The Best Fitness Articles of the Week #67 – Why the Paleo Diet is Uncivilized, More Deadlift Tips and a DIY Wrist Roller

Here’s a recap of the best health and fitness articles I’ve read over the past week.


McDougall Newsletter: June 2012 – The Paleo Diet is Uncivilized (And Unhealthy and Untrue)

I haven’t looked into all of the claims made in this article yet, or the sources making these claims, but based on a lot of the reading I’ve done in the past, I believe that a lot of it is true. The one problem I have with this article is that the author is pushing a book about becoming a “starchivore,” and that just sounds crazy to me. I haven’t read the book, so I can’t make a judgement based simply on the title, but after reading the Thrive books from Brendan Brazier, I’m not sure a high-starch diet is good for an athlete, or anyone else.


19 Tips for the Deadlift

I posted an article last week that was very similar to this one, but the deadlift is such an important lift, that I don’t think it hurts to pound this info into your head some more.


If You Only Do One Type of Weight Training, Do Squats

I’m always trying to tell my friends and family that they should be including the squat into their workout routines. Some get it, others probably never will. I’ll just have to continue sending articles like this to them 😉


Ask The Ripped Dude: Cardio Before Or After Weights?

Obi Obadike, the author, recommends cardio after lifting weights because if you do it before, it can zap all of your energy and can make your weight lifting sessions miserable.

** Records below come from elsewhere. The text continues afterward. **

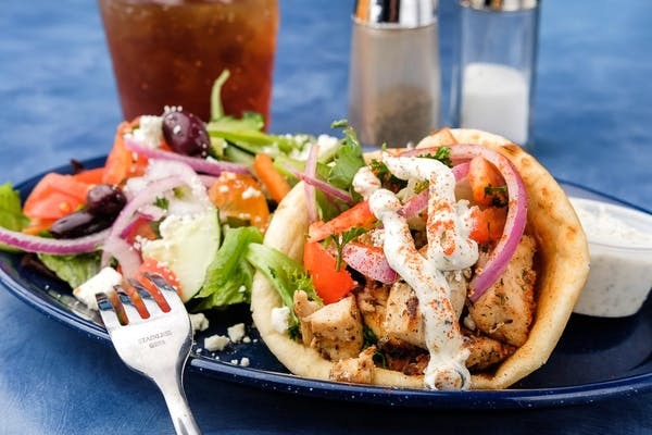 Prepared with Cajun-style chicken, tzatziki sauce, fresh vegetables, and feta cheese. Served on pita bread.
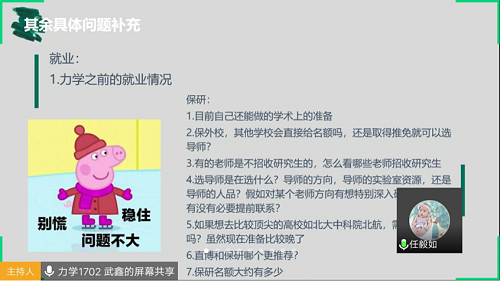 本科17级力学系围绕“力学专业本科生发展:研究生、工作或出国”为主题,召开了一次线上主题班会,使同学们对于未来的发展有了更清晰的认识和规划。力学系主任方棋洪老师、支部书记任毅如老师、院长助理周加喜老师、副主任韦凯老师、张海成老师、冯慧老师以及17级力学全体学生参加了本次班会。
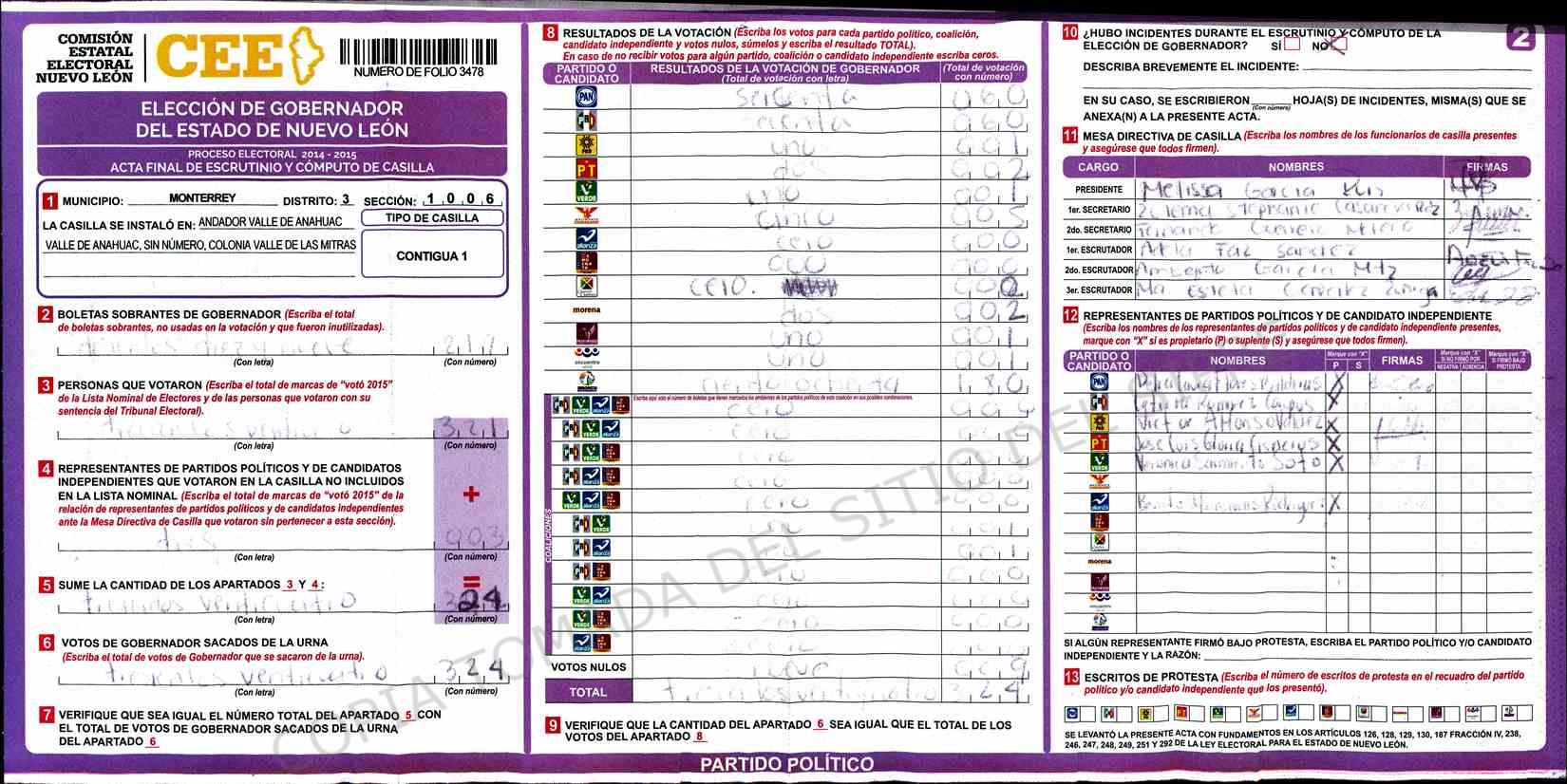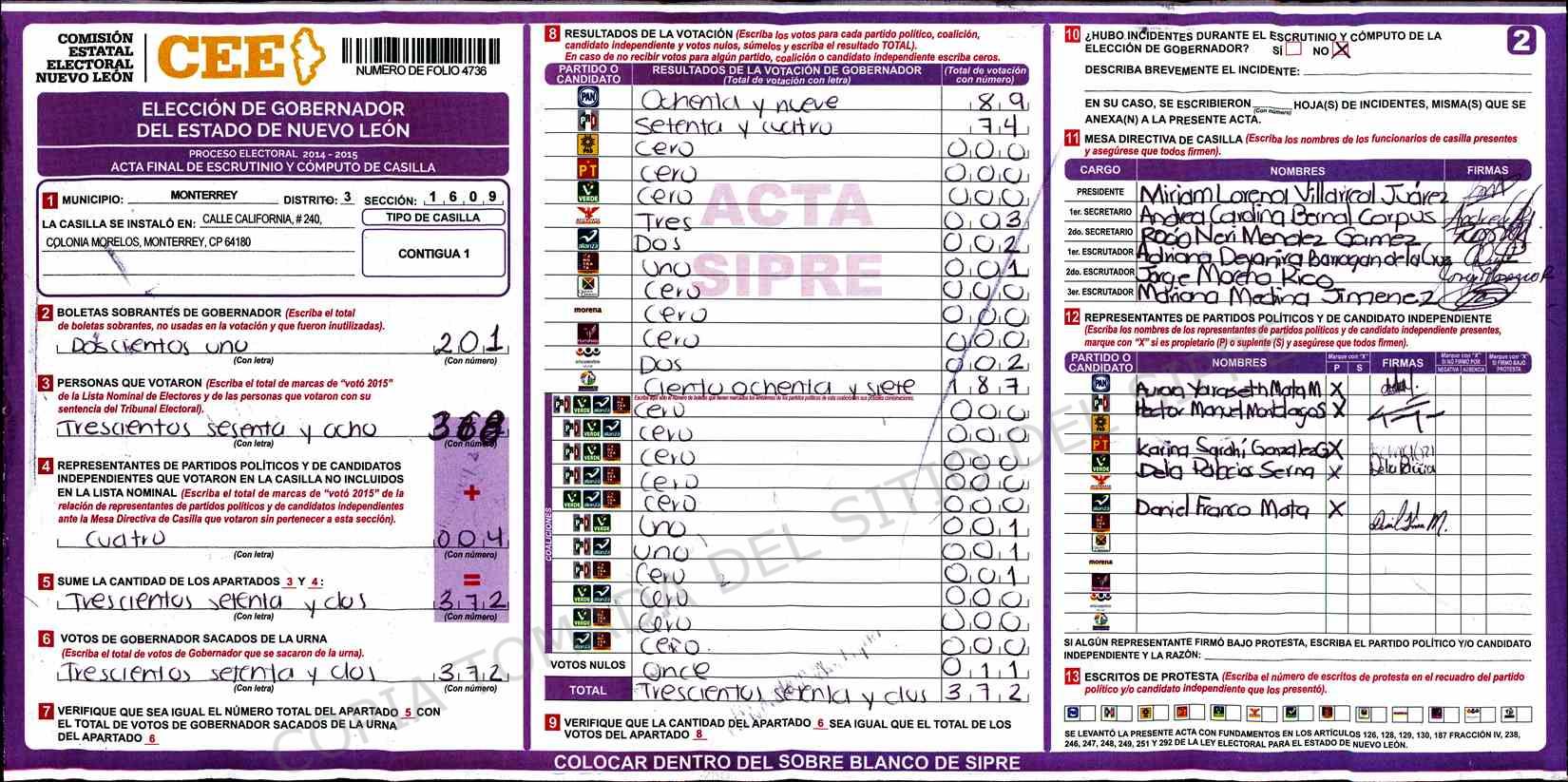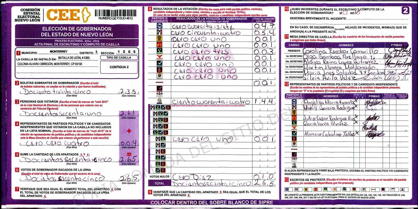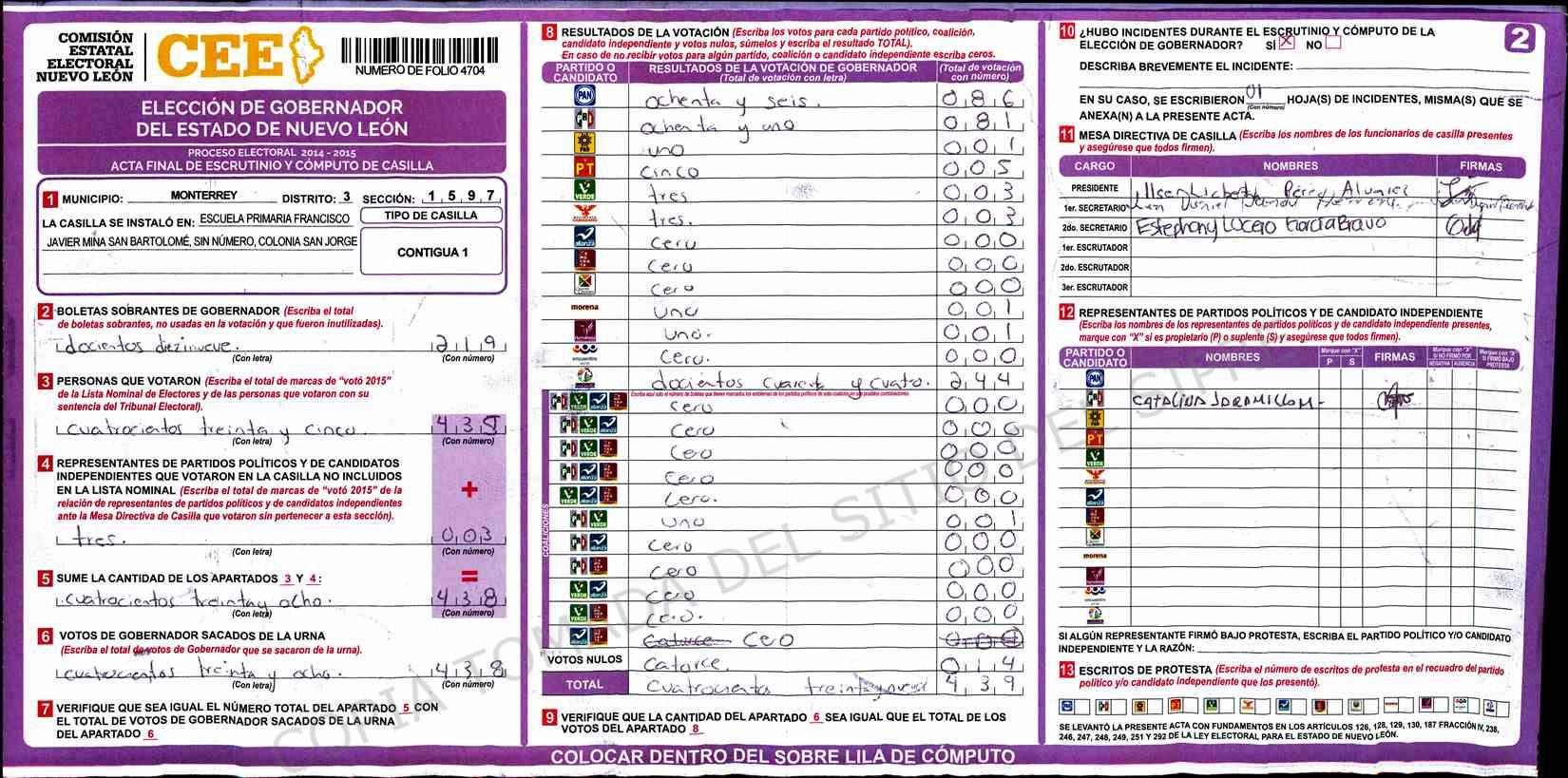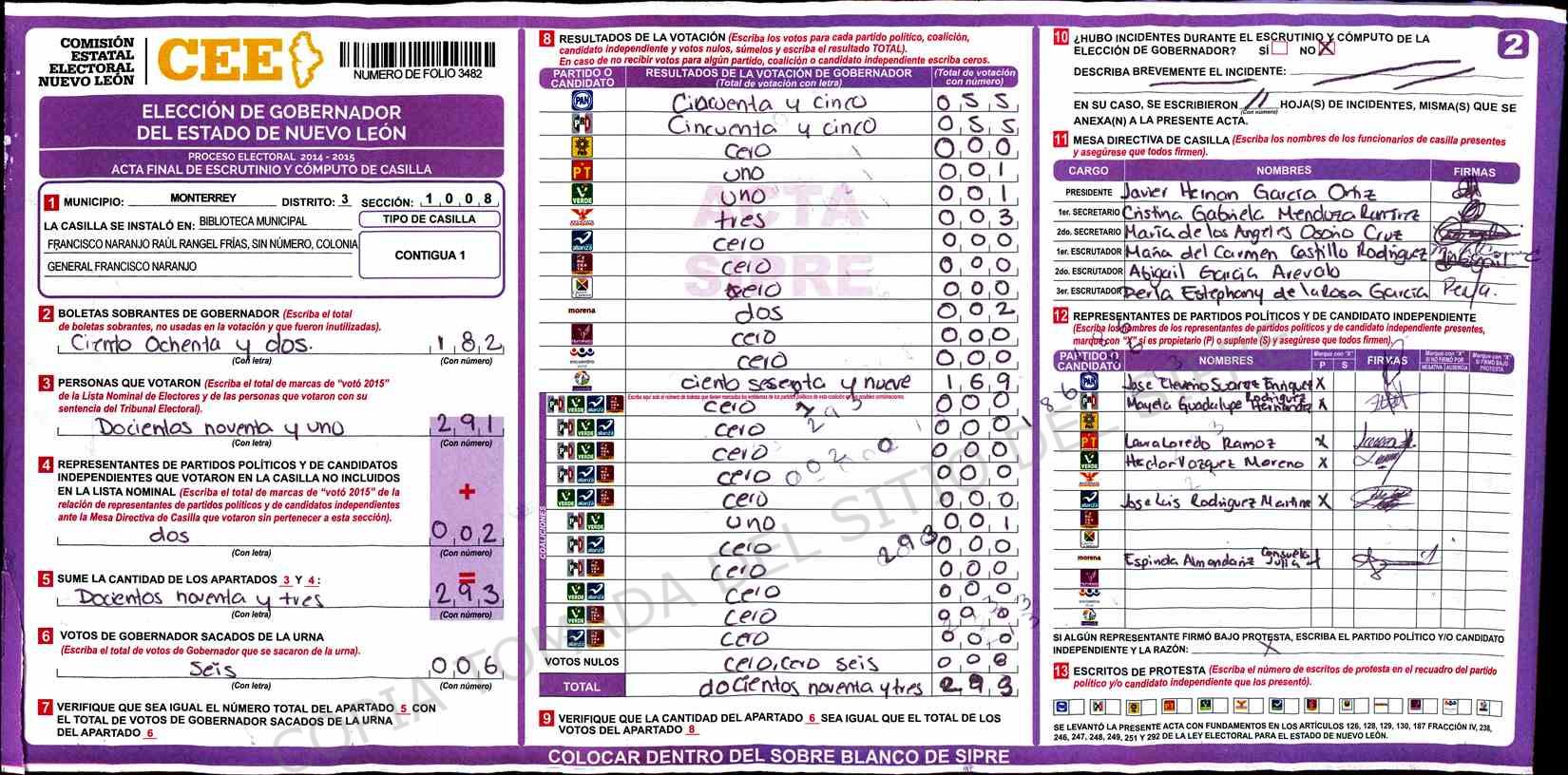 | Claves de Incidencia: | (1) Ilegible, (2) Mutilada, (3) Presenta Correcciones, (4) Presenta Borrones, (5) En Blanco, (6) Cifras Remarcadas, (7) Cifras de Mas, (8) Copiado Movido, (9) Con Signos Inválidos, (10) Excede Lista Nominal, (11) Otra |
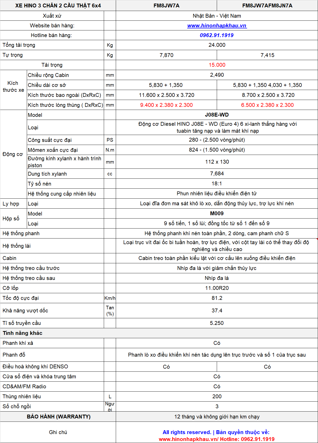 - Hino 3 chân 2 cầu 6x4 tải 15 tấn thùng dài 9,4m - Model FM8JW8A == > Tại đây
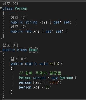 해제 : 힙에서 할당된 메모리는 자동으로 해제되지 않는다. C#에서는 가비지 컬렉션(GC)이 불필요한 객체를 자동으로 수거하여 메모리를 해제한다. 가비지 컬렉터는 객체가 더 이상 사용되지 않을 때, 즉 참조가 끊어졌을 때 해당 메모리를 회수한다.
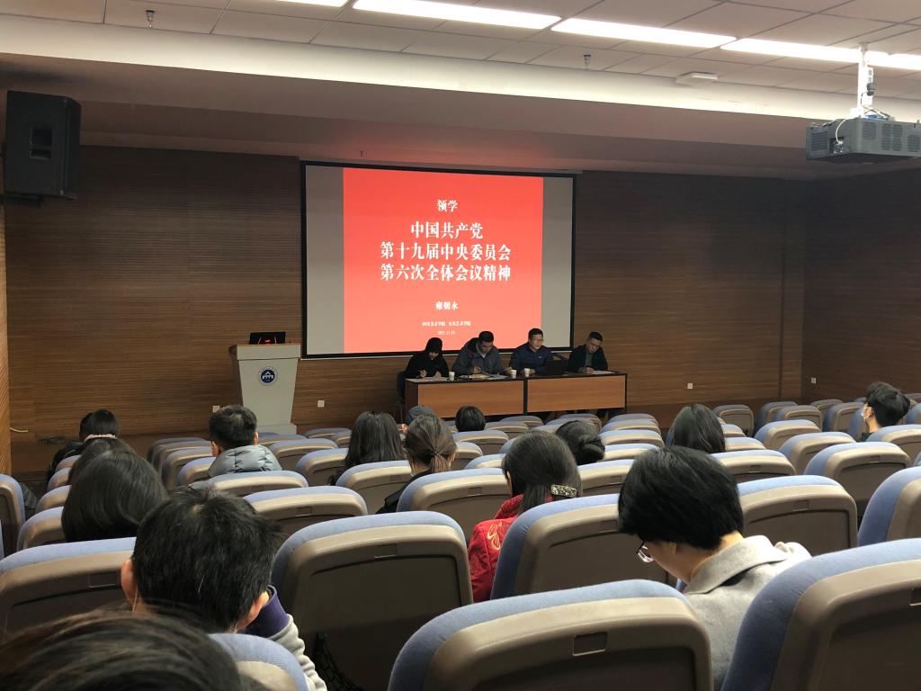 学院党总支书记雍朝永首先领学了中国共产党第十九届中央委员会第六次全体会议精神。他从“总结党的百年奋斗重大成就和历史经验的重大意义”“党的百年历程的四个伟大飞跃”“两个确定对新时代党和国家事业发展以及民族复兴大业的决定性意义”等七个方面,对全会精神进行了全面阐释和解读。重点领学了“四次伟大飞跃”“十三个方面概括的新时代发展成就”“党的百年奋斗十大宝贵历史经验”等内容,并分享了自己的学习感悟和收获。他强调,我们要紧跟党的号召,增强“四个意识”、坚定“四个自信”、做到“两个维护”,坚定不移地做到“十个坚持”,自觉践行初心使命,在新时代更好地坚持和发展中国特色社会主义,为实现第二个百年奋斗目标、实现中华民族伟大复兴的中国梦而不懈奋斗。

I would agree. I’ve tried programs that suggested cardio before lifting weights and I definitely felt my weight training sessions suffer. He also claims that weight training will burn off glycogen stores first, then cardio will burn more fat.


Achieve Olympic feet with barefoot running

The study group in this one was small at only 18 highly trained runners, but it’s still worth reviewing and thinking about. The study showed that barefoot running resulted in the runners using less oxygen and it also increased their performance by 3%. One other interesting note is that barefoot runners are thought to have a lower risk of injury due to altering their strike pattern when hitting the ground because they tend to strike the ground with the mid-foot, which is more cushioned than the rest of the foot.


DIY : How to Build a Wrist Roller

I’ve actually thought about doing this before, but now that I’ve seen a functional example, I’ll probably finally give it a try. It shouldn’t cost more than a few bucks.


7 Squat Tips from Coach Nick

I was hoping an article like this would show up in my feed soon. This one tackles just about everything; hip pain, bar placement, increasing intensity, reps and midrange partials, contrast training, hybrid protocols, and gender differences. The only thing missing is a section on how stance effects the knees, which is what I’m really interested in.